El equipo de cineastas afrontó el peliagudo problema de diseñar una comida que fuera realista y que resultara deliciosa a los ojos. Fue un gran reto que el equipo superó con nota. Como también es notable la caracterización de todos y cada uno de los personajes, por más que la mayoría parte de arquetipos muy definidos (como suele ser habitual en Pixar…) y de caracteres bastante extremos (el idealista Remy, el torpe Linguini, el abyecto Skinner, el glotón Émile, el elitista Ego, la perspicaz Colette…). Pero Bird y su equipo de guionistas sabe dotar de una vida a estos personajes que es díficil de describir con palabras, confiando en un naturalismo y en un hiperrealismo que dota de increíbles detalles numerosos comportamientos, gestos, réplicas, miradas… Con gran sabiduría, concentran toda la emoción en una aparentemente infinita gama de sensaciones en los ojos de sus personajes, animados con un mimo extraordinario, y uno se sorprende siguiéndoles como si fueran seres de carne y hueso, olvidándose de la trama y cautivado por un torrente de imágenes casi musicales por el perfecto ritmo y fluir que destilan. ¿Hace falta añadir que la planificación, el montaje, los juegos de profundidad de campo, son admirables?

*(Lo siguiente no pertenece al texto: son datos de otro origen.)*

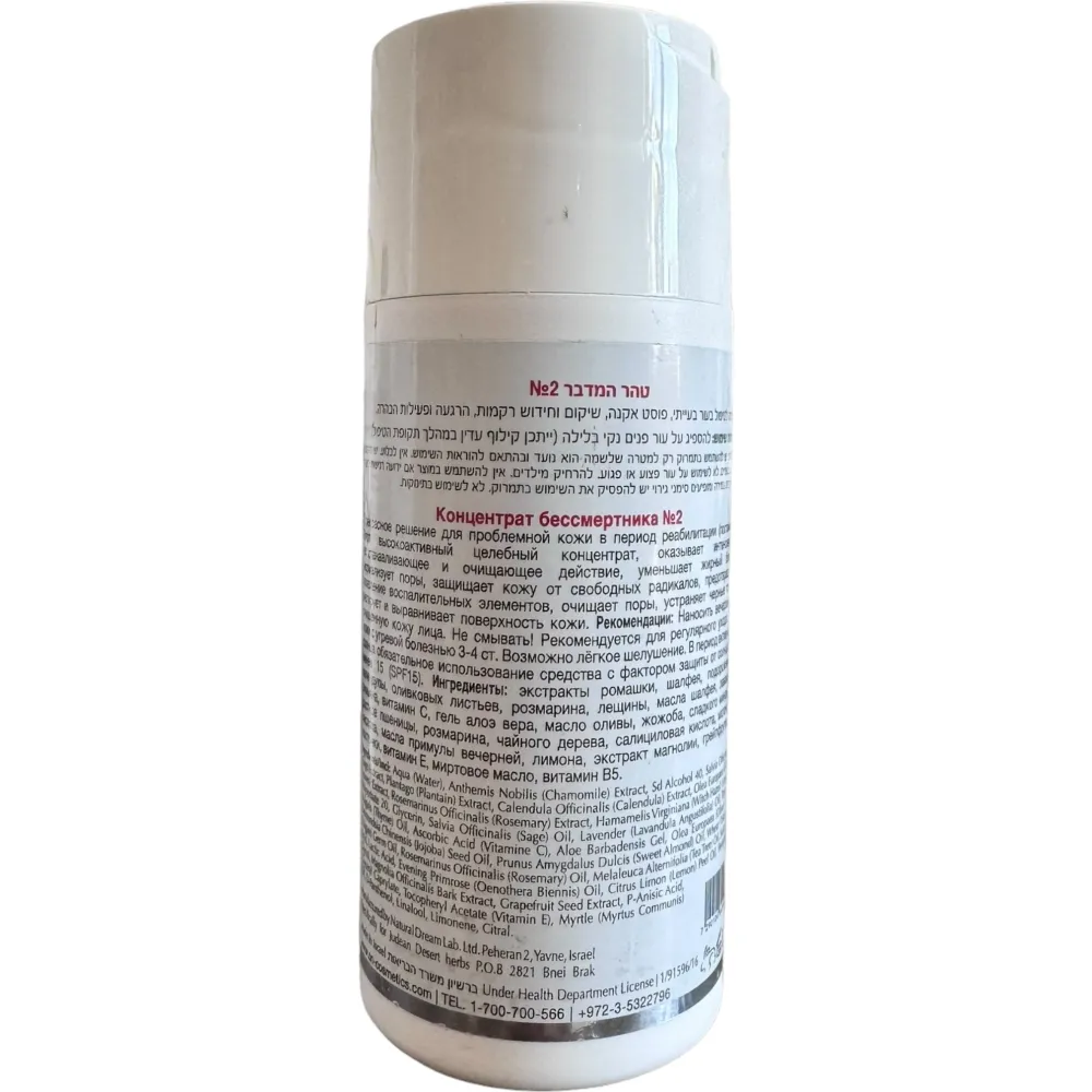 Смесь бессмертника Onmacabim Dm Tohar Hamidbar 2 комплекс с тщательно подобранными составляющими компонентами отлично заживляет, восстанавливает, устраняет покраснения, регенерирует и успокаивает кожу. Подходит для салонного и домашнего ухода, реабилитации после пластических операций.
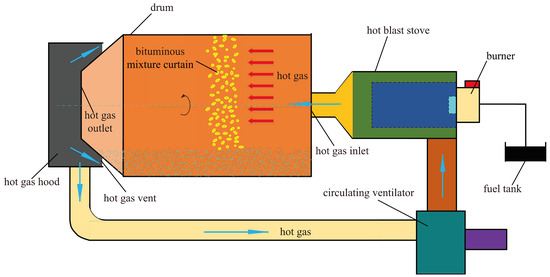 The principle of HDH for bituminous mixtures is shown in Figure 1. Hot gas, which is formed in a hot blast stove with the fuel burning in the burner, flows into the bituminous mixture heating drum. A bituminous-mixture curtain is formed in the drum under the action of a rotating drum and blade, and the bituminous mixture is heated via full contact with a hot gas. The temperature of the hot gas decreases after heat exchange with the bituminous mixture but is still dramatically higher than room temperature. To reduce fuel consumption, most of the hot gas flows into the hot blast stove through a circulating ventilator and is then reheated. The reheated hot gas enters the heating drum, and the bituminous mixture is heated again. A small amount of the hot gas is discharged through the gap between the hot-gas hood and the drum. This cycle is continued until the temperature of the bituminous mixture reaches 160 °C, which is appropriate for construction purposes.
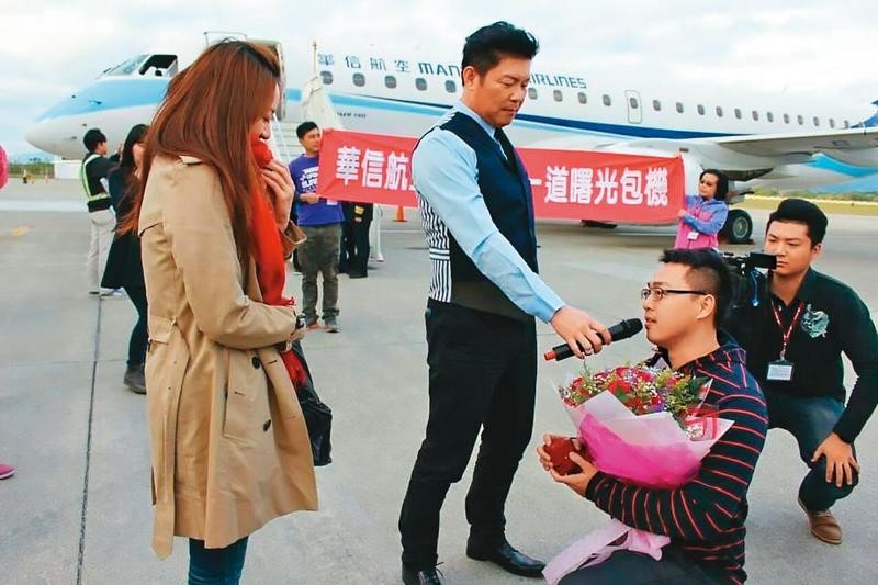 ▲吳昭輝(右2)5年前精心安排浪漫求婚,帶著當時還是女友的妻子(左)搭乘曙光專機,在停機坪單膝下跪求婚,愛情故事還登上報紙頭版。(圖/鏡週刊提供)
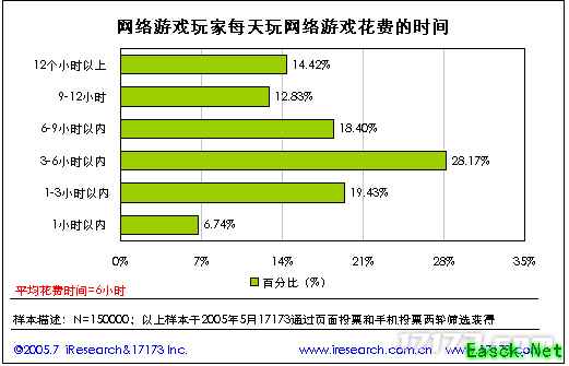 1.4. 网络游戏玩家花费在游戏中的时间 网络游戏玩家每天玩游戏所花费的平均时间为6小时,其中,每天花费3-6小时玩游戏的网络游戏玩家占28.17%。在花费的整体平均数上与上一届的调研分析数据没有差异。
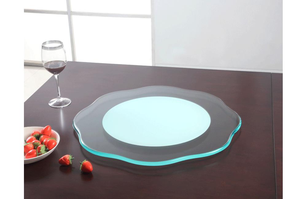 360 Rotatable Tray. Flower shaped 24" Glass Serving Tray. Center painted white.
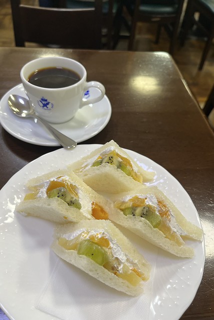 ちょっと甘いものが欲しくてフルーツサンドセット。コーヒー高騰のおり、これで700円はすごく値打ちがありました。
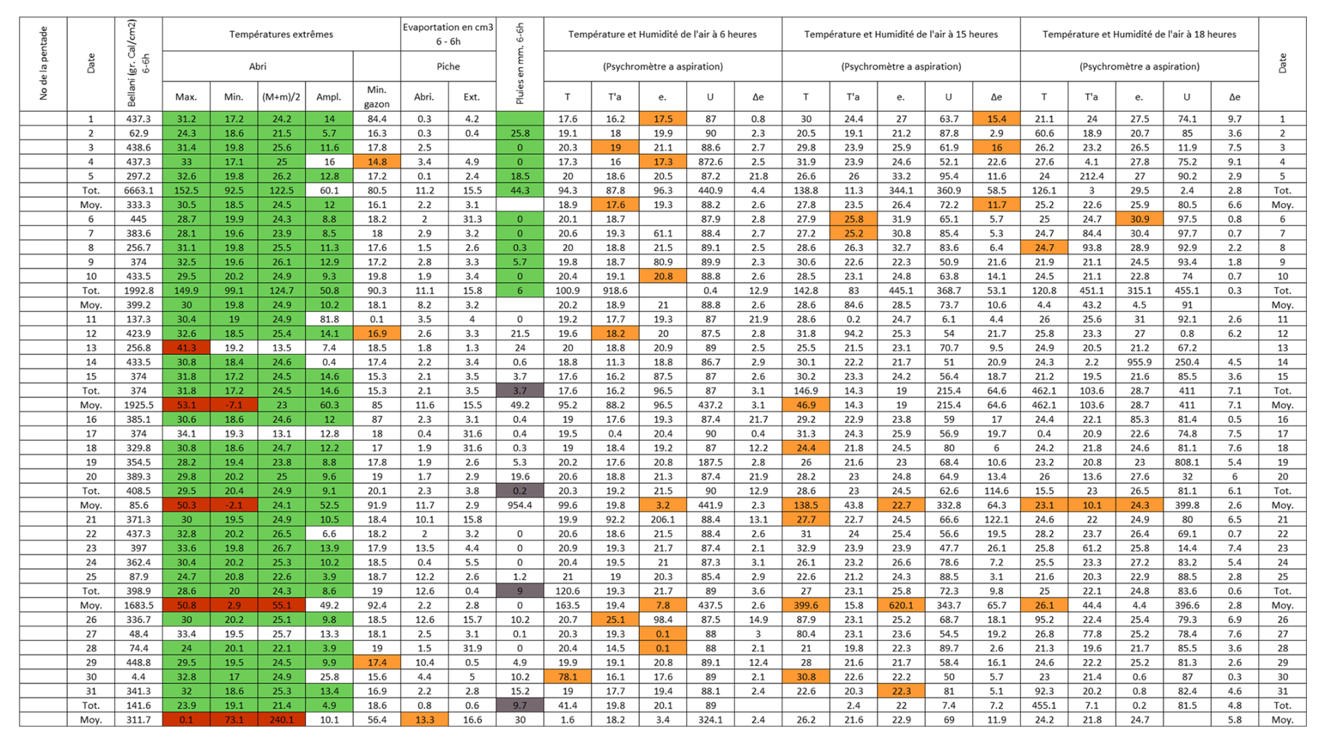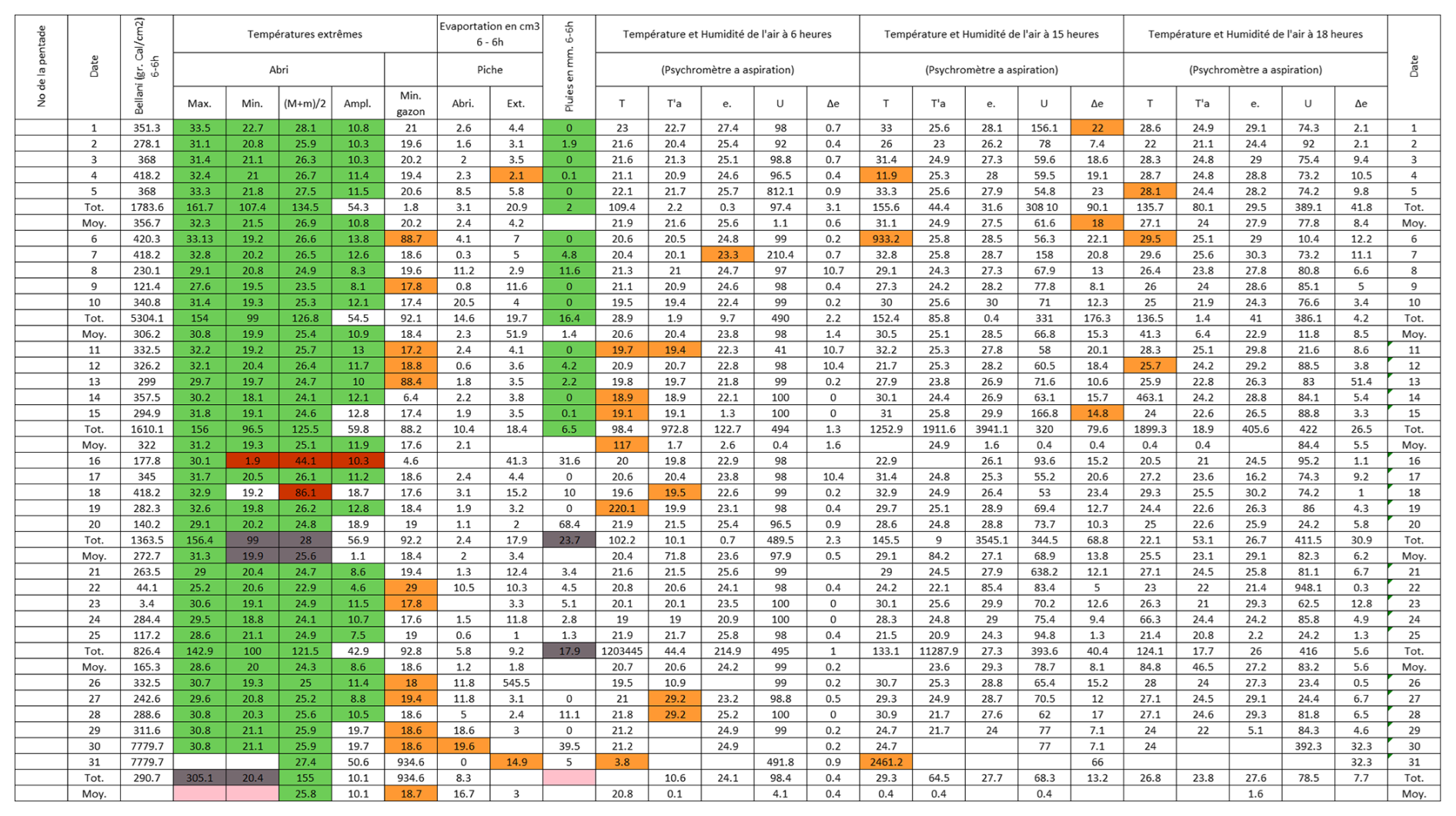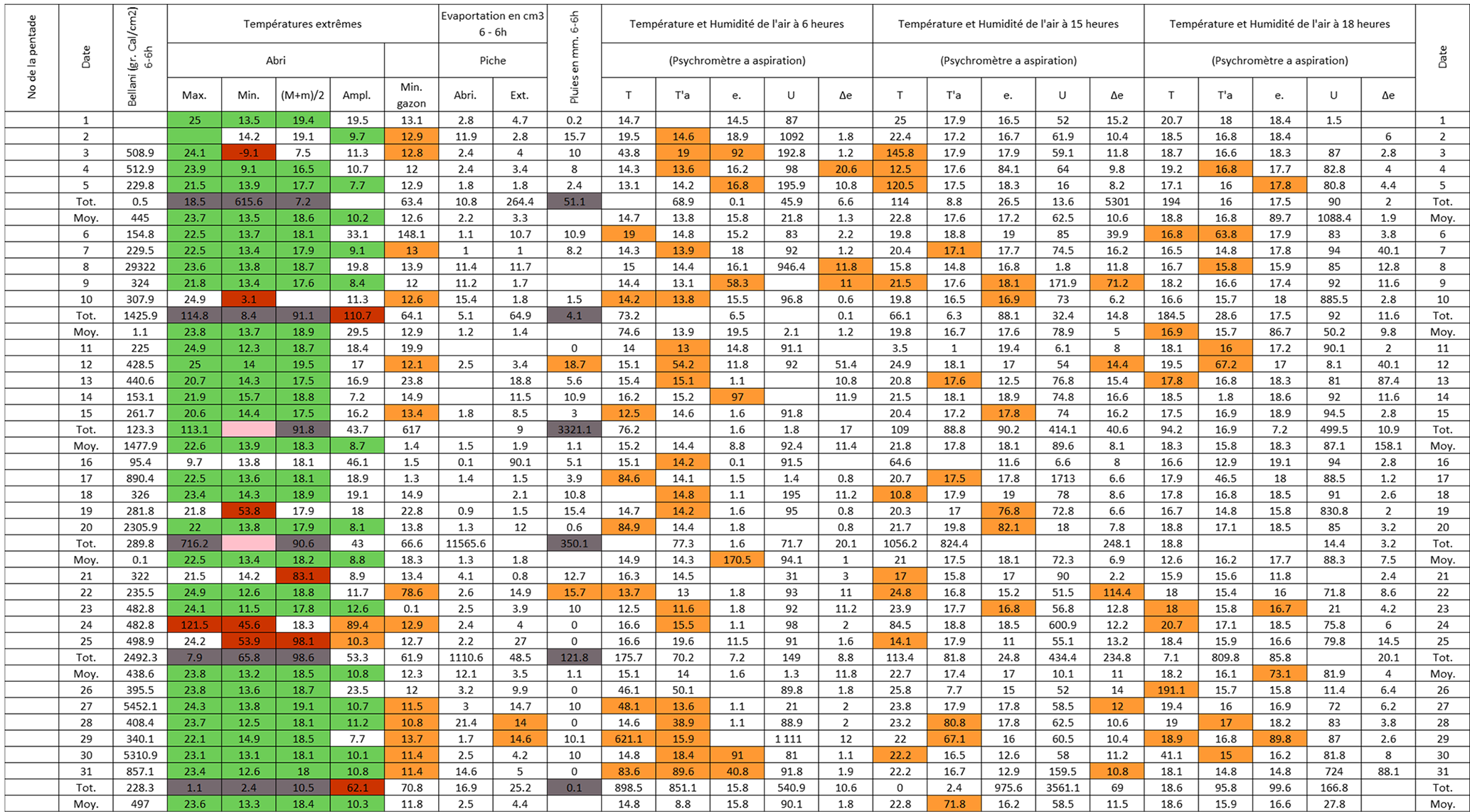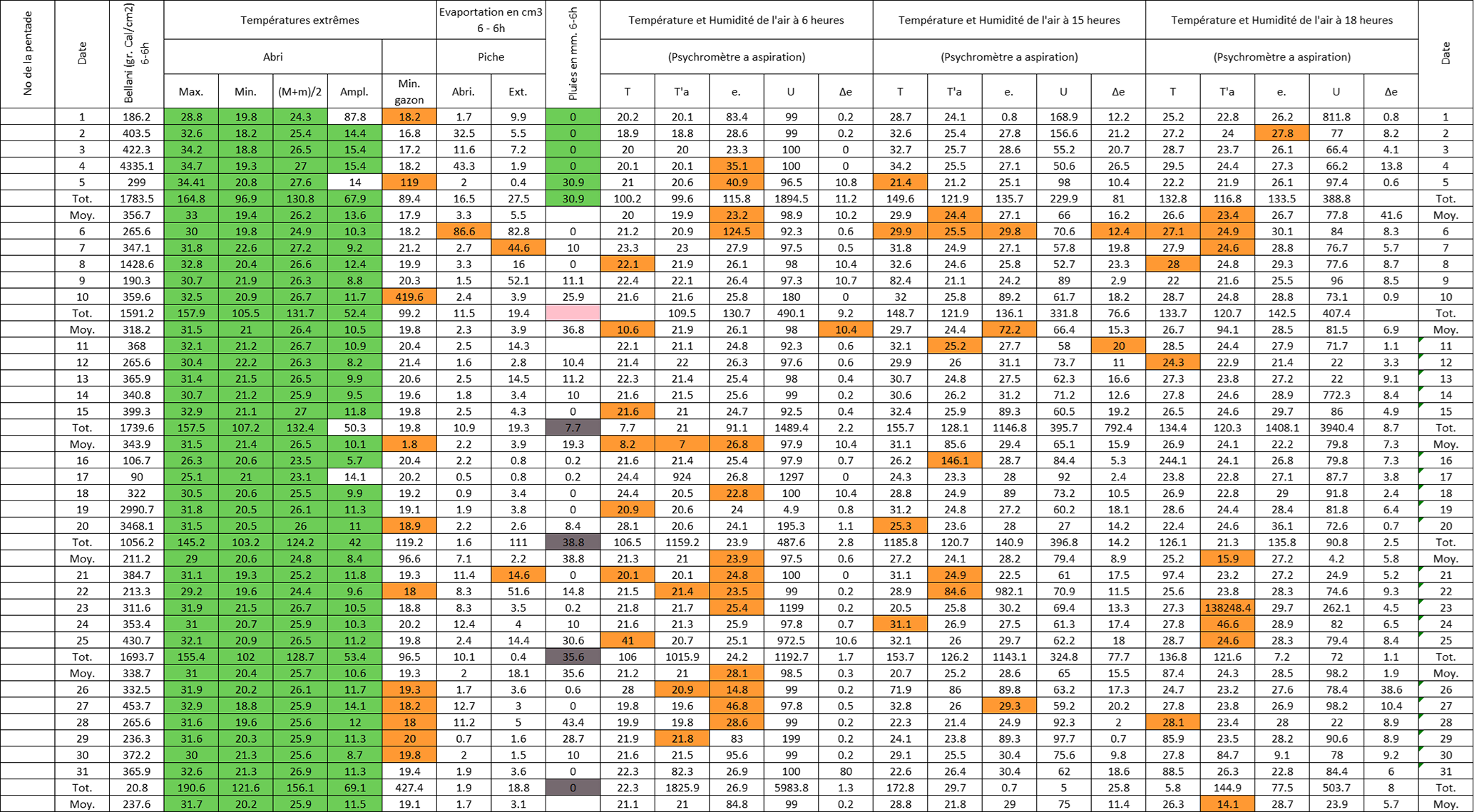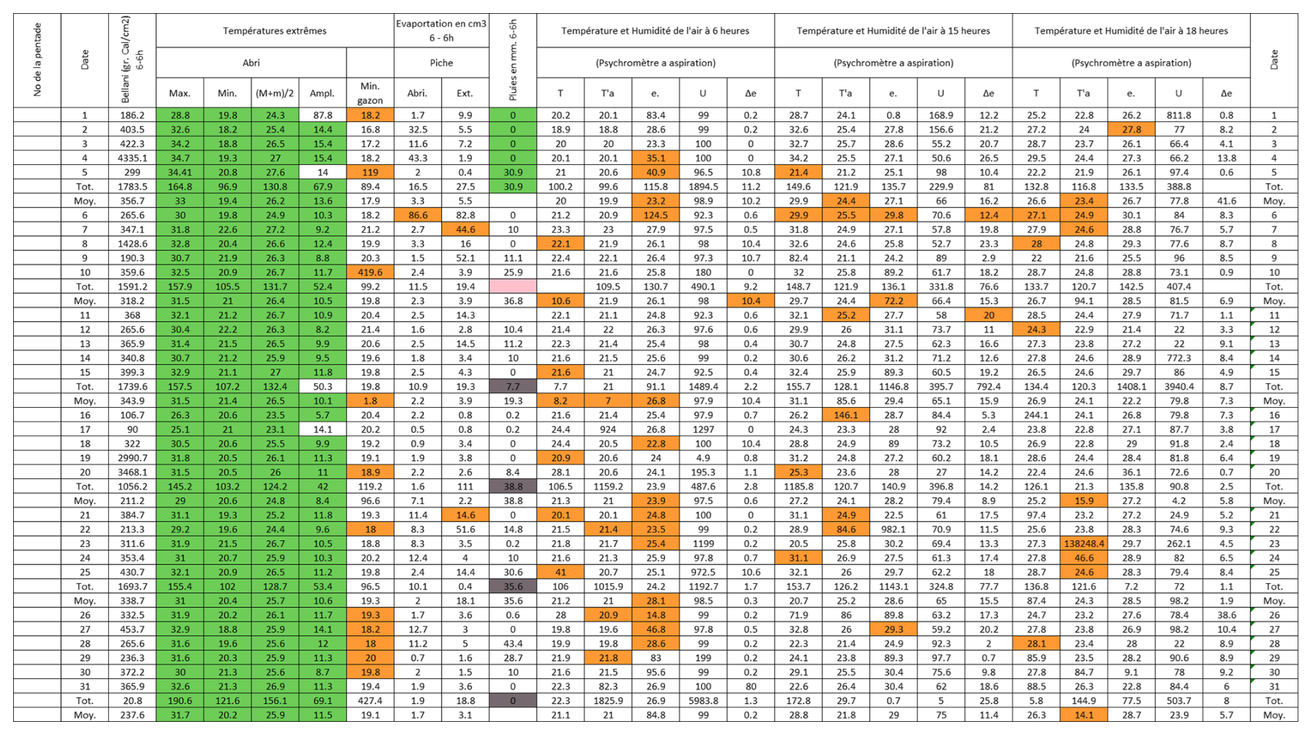 Figure B3Post-quality controlled table using MeteoSaver, showing confirmed values of daily maximum, minimum and average temperature, diurnal temperature range, and daily precipitation (highlighted in green) for the Station Kisanga-Plateau in October 1972 (Fig. A3). The description of the colors in the post-quality controlled table is given in Fig. 10.

Dicen que Pixar es una fábrica de obras maestras, o el último reducto de gran cine americano. Yo no diría tanto. Simplemente los chicos de Pixar no hacen más (ni menos, también es cierto) que lo que los grandes estudios de la época dorada de Hollywood lograron durante varias décadas: construir historias perfectas, en las que nada faltara y nada sobrara, en las que el director, asumiendo su rol de director de orquesta, se encargaba de que todo funcionara sin el menor resquicio de duda, puliendo cada una de las piezas con ternura y cariño, olvidándose de lo vanguardista o subversivo del arte, pero acordándose siempre de que el espectador lo pasara en grande. Es decir, la Pixar es heredera, continuadora, de ese estilo de cine narrativo y comercial. Quizá los únicos. Y por eso los que han crecido con ese tipo de cine les adoran. Se lo han ganado a pulso: currándose cda película como si fuera la última, trabajando los guiones y los caracteres al máximo, no durmiéndose jamás en los laureles del éxito, llevando cada vez más allá sus formas y su estilo.

Lo mejor, lo peor, imagen favorita

Lo peor es que se acaba y tenemos que volver a sufrir comedias mediocres. Lo mejor, para mí, cualquier escena en la que Remy le ordena a su marioneta Linguini cómo moverse y qué elegir para cocinar. Mi imagen favorita es esa ratita minúscula recibiendo en soledad al crítico gastronómico en su cocina.